Salman, who raced as The Thoroughbred Corporation, is survived by a wife and five young children. His racing manager, Richard Mulhall, is scheduled to travel to Saudi Arabia on Thursday to both pay his condolences to the family and speak with Salman's father regarding the stable's future, Baffert said.

"I'm sure they'll end up selling everything off," Baffert said.

The Thoroughbred Corporation has extensive holdings, both for racing and breeding. Baffert estimated he has 30 horses for Salman, including War Emblem, the winner of the Kentucky Derby and Preakness Stakes. Several other trainers have smaller numbers of Salman-owned runners, both in the United States and Europe.

Salman also owns a number of broodmares, including Spain, now the top money-winning female racehorse of all time. The most likely venue for dispersing horses of that ilk would be the November sale at Keeneland, though until Mulhall returns from Saudi Arabia, it is premature to say with certainty what the future holds for The Thoroughbred Corporation.

The Thoroughbred Corporation was a financial powerhouse in recent years. Since the beginning of 1999, the stable won more than $23 million in purses.

Fan favorite Kona Gold returns

One of the most touching moments of the 2001 meeting at Del Mar occurred after the Bing Crosby Breeders' Cup Handicap, when Kona Gold returned to the winner's circle and was engulfed by a throaty, heartfelt roar from the crowd.

Beginning in 1998, Kona Gold has raced at Del Mar five times over three seasons. He has never lost. He is unquestionably the most popular horse who will run here this summer, and he is scheduled to go for his third victory in the six-furlong Bing Crosby on Saturday.

Kona Gold, however, is age 8, and has won just once in his last five starts. He has finished out of the money just four times in his career, but three of those instances have occurred in his last four starts. Despite that, he has been assigned 124 pounds or more in every start since October 2000. There is a sense that if Kona Gold does not snap back to life at this, his favorite track, that he may be on the downside of his brilliant career.

"He's getting older. Father Time has a way of driving you closer to the finish line," his poetic trainer, Bruce Headley, rhapsodized at his Del Mar barn on Tuesday morning. "No matter how good he looks, how good he's eating, how good he's training, as you grow older, it effects you differently. For me, it's pain in my shoulders. I can't talk to him and find out. But he moves a lot better than I do."

Kona Gold most recently finished sixth of nine in the Triple Bend Breeders' Cup Handicap at Hollywood Park on July 6, in which he carried 126 pounds. Headley was furious after the race, believing jockey Pat Valenzuela, riding D'wildcat, interfered with Kona Gold and jockey Alex Solis, and Headley was still seething on Tuesday.

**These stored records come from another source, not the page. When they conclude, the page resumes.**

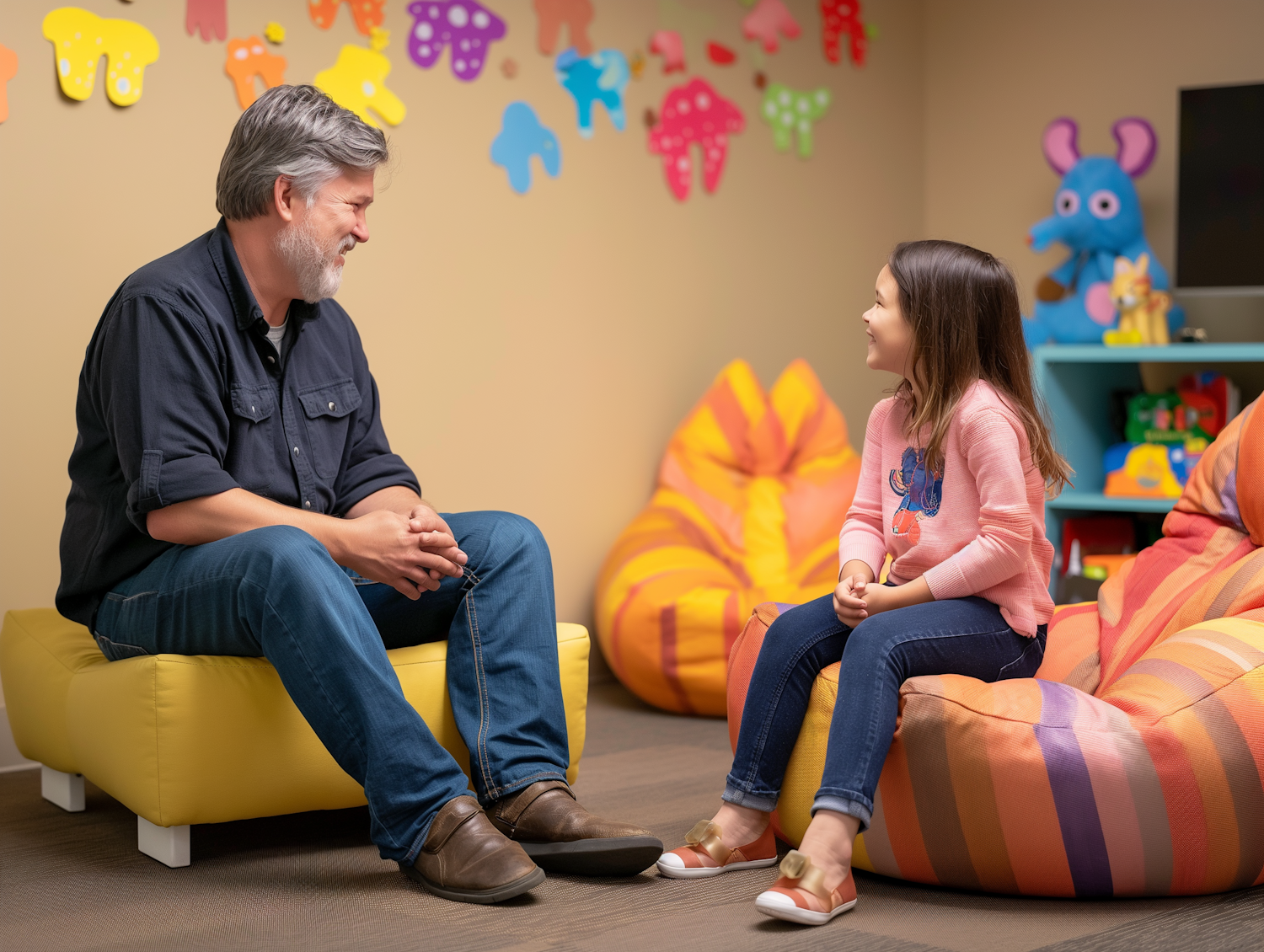 A friendly conversation in a colorful playroom between a bearded man and a young girl, surrounded by toys and vibrant decor.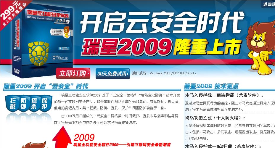 瑞星全功能安全软件2009 基于“云安全”策略和“智能主动防御”技术开发的新一代互联网安全产品,将杀毒软件与防火墙的无缝集成、整体联动,极大降低电脑资源占用,集“拦截、防御、查杀、保护”四重防护功能于一身。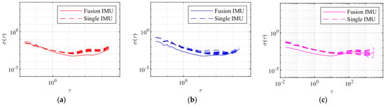 Due to the lack of temperature error compensation in this paper, the theoretical noise performance of the custom-developed IMU array is compared to the commercially available MTi-2 and ADIS16500 IMUs. The MTi-2 sensor is manufactured by Xsens, a subsidiary of Movella based in the United States. The ADIS16500 sensor is manufactured by Analog Devices, Inc. located in Massachusetts, United States. Based on the performance parameters provided by the manufacturers, comparisons are made in terms of the noise performance of the accelerometers and gyroscopes, as well as the price of the IMUs. The comparison results at 25 °C are shown in Table 1 and indicate that the custom IMU array reduces the cost by 64.60% and 65.22% compared to the other two IMUs. The theoretical noise density of the custom IMU array for gyroscopes is lower than the other two IMUs and close to that of the MTi-2, with a reduction of 52.46% compared to the ADIS16500. The accelerometer noise density is similar to the other two IMUs. Based on the comparison, it can be concluded that the low-cost array designed in this paper significantly reduces the cost compared to the mainstream IMU modules on the market, while its performance is also comparable to the compared IMU modules.

"He was spotting a lot of weight in that race, and the way Valenzuela crowded him, I'm happy to be talking about my horse," Headley said. "He had nicks all over. When you get bumped with that much weight with a horse with no weight in front of you, you can't catch him.

"At least Alex eased him up. That's why I'm loyal to jockeys. They take care of your horse, even if others don't."

No infraction was detected by Hollywood Park's stewards during the race, but later they did give Valenzuela a three-day suspension for that incident, which Valenzuela appealed.

Headley said Kona Gold has been "enthusiastic in his workouts" since arriving at Del Mar. Headley also said he has gone easy on Kona Gold since the Triple Bend, because he is coming back on just three weeks' rest, and had to ship from Santa Anita to Del Mar.

Headley would like nothing more than to win the Bing Crosby again, knowing the outpouring of emotion would rival last year's celebration.

"That was the greatest race of my life, more so than when he won the Breeders' Cup, because I knew the whole crowd was cheering for him," Headley said.

"It gave me goosebumps. It was like a John Henry moment, or a Best Pal moment."

- Mellow Fellow, who is expected to challenge Kona Gold, worked four furlongs in 46.40 seconds Tuesday morning at Del Mar. D'wildcat and Freespool are other expected runners in the Bing Crosby.

- Beat Hollow, scheduled to run in Sunday's Eddie Read Handicap on turf, worked five furlongs on dirt in 1:01.40. His rivals are expected to include Casey Griffin, Redattore, Sarafan, and Suances.

- Valenzuela will be at Arlington Park on Saturday to ride Kappa King for trainer Bobby Frankel in the Grade 3, $225,000 Arlington Handicap.